AIM OF THE TASK: Below is a block of entries; repeat exactly the lines starting at the line that contains "6 洋室(個室)にはワークデ" and ending at the line that contains "La salle Raymond Quiard à Javarzay", both included.

DATA LISTING:
---------------

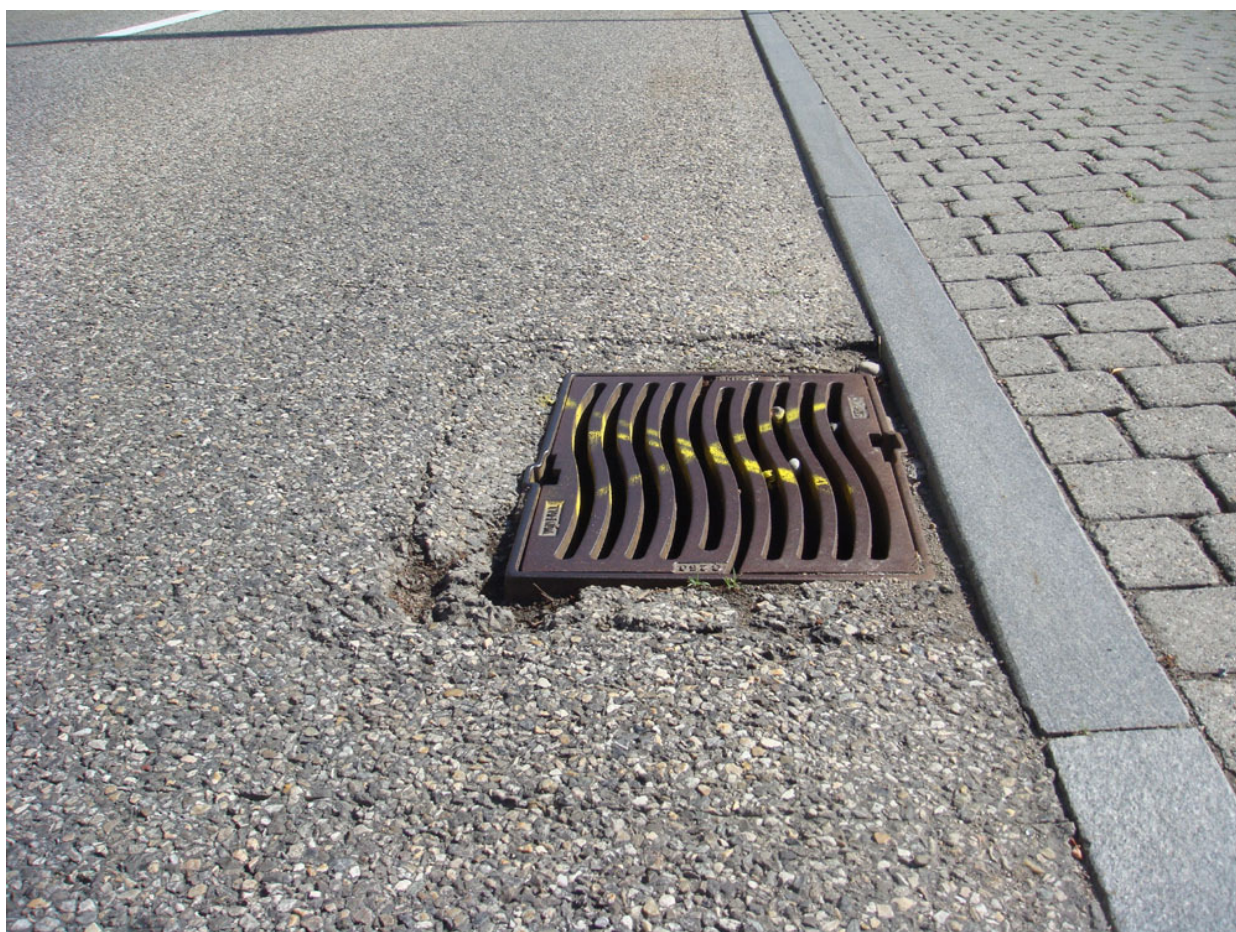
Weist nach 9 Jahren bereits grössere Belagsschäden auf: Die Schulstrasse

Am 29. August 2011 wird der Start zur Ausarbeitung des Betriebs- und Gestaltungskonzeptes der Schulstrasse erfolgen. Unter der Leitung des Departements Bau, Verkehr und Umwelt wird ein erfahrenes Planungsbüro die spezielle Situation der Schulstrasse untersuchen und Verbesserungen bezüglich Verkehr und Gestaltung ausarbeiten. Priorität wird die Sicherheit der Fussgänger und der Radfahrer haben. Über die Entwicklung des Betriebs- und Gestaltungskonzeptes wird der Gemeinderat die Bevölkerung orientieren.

---------------

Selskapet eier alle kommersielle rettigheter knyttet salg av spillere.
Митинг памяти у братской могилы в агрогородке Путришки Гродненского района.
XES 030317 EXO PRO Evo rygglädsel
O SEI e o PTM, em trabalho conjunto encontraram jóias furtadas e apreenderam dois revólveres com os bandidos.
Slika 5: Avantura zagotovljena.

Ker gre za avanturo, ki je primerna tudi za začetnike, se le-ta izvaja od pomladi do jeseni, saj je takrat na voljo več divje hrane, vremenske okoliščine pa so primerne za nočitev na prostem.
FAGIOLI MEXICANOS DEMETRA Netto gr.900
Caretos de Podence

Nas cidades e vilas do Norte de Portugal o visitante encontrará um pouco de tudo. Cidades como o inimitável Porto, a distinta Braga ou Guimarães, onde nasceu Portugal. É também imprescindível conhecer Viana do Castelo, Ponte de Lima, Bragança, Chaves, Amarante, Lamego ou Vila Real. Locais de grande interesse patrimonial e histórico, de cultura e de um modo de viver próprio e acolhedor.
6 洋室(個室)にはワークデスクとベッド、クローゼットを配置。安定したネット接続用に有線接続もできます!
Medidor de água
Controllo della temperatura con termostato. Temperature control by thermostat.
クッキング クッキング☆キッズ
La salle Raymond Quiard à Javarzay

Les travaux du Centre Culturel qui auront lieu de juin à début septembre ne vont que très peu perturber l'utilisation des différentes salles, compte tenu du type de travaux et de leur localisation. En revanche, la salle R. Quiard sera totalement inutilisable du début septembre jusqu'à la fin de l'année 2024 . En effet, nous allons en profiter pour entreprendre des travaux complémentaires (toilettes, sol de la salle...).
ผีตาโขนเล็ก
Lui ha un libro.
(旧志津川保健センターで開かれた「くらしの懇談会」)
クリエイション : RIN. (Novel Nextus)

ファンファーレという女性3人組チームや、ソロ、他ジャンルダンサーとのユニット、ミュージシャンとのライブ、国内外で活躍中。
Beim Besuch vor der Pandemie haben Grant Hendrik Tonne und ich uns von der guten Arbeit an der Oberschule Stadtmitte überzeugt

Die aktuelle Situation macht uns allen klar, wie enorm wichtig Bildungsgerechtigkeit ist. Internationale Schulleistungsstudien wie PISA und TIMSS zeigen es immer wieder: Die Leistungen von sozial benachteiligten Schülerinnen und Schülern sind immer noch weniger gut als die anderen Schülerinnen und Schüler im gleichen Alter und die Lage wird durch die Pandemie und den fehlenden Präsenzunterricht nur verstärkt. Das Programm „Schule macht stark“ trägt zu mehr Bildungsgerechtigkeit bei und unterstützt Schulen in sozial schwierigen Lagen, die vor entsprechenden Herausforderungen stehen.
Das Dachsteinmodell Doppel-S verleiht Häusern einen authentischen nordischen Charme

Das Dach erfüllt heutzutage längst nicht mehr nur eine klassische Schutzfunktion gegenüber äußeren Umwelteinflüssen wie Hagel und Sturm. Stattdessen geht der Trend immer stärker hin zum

---------------

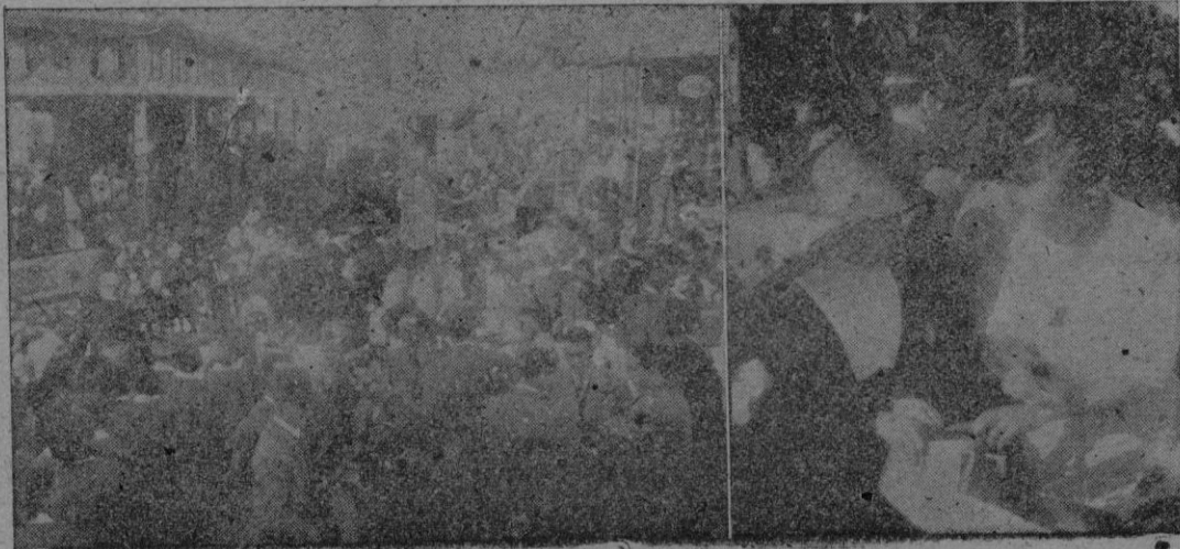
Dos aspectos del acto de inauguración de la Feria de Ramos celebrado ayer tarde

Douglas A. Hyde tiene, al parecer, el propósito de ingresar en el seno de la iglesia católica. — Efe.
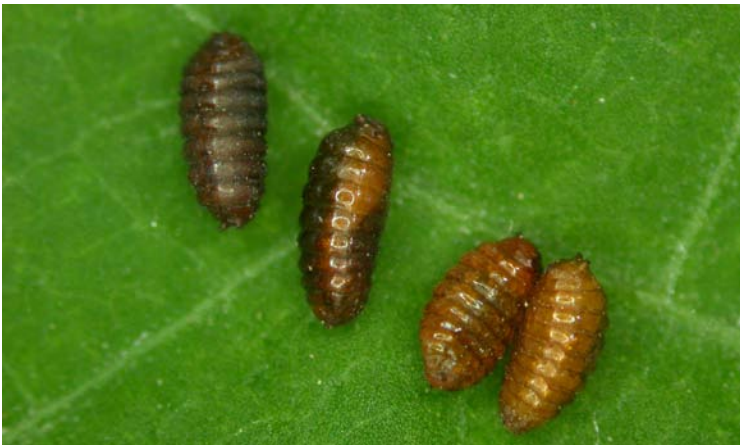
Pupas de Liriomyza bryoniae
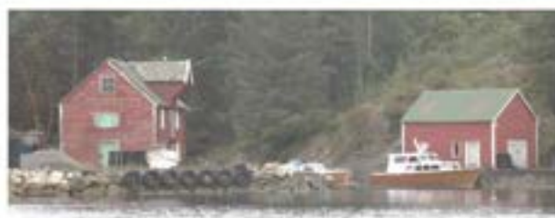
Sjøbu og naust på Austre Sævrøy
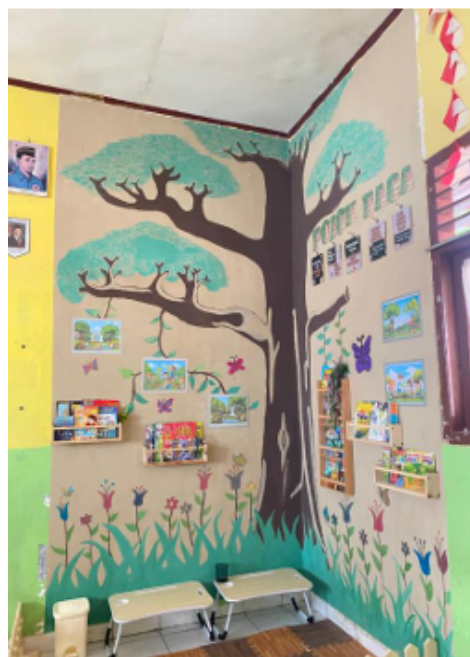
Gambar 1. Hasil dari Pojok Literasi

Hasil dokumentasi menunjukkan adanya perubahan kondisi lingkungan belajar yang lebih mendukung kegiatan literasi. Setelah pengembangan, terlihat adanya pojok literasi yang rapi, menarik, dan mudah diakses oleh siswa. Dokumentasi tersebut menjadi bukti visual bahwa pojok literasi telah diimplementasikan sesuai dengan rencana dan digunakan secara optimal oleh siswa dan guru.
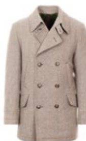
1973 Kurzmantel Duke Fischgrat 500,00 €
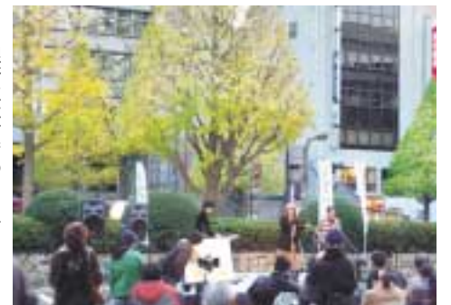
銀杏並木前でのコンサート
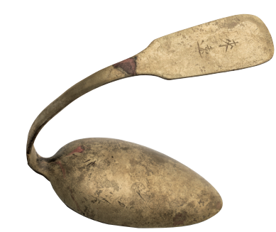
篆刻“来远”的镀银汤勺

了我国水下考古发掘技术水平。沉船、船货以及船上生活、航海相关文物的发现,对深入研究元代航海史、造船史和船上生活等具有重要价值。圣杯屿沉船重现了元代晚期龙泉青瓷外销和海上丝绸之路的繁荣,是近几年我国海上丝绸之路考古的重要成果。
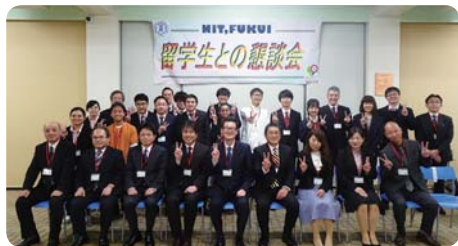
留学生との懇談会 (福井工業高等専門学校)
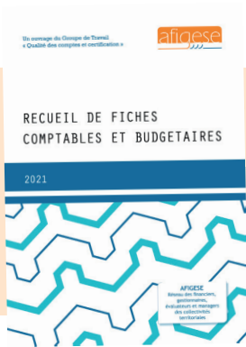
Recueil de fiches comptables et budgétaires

---------------

SOLUTION TO THIS TASK:
6 洋室(個室)にはワークデスクとベッド、クローゼットを配置。安定したネット接続用に有線接続もできます!
Medidor de água
Controllo della temperatura con termostato. Temperature control by thermostat.
クッキング クッキング☆キッズ
La salle Raymond Quiard à Javarzay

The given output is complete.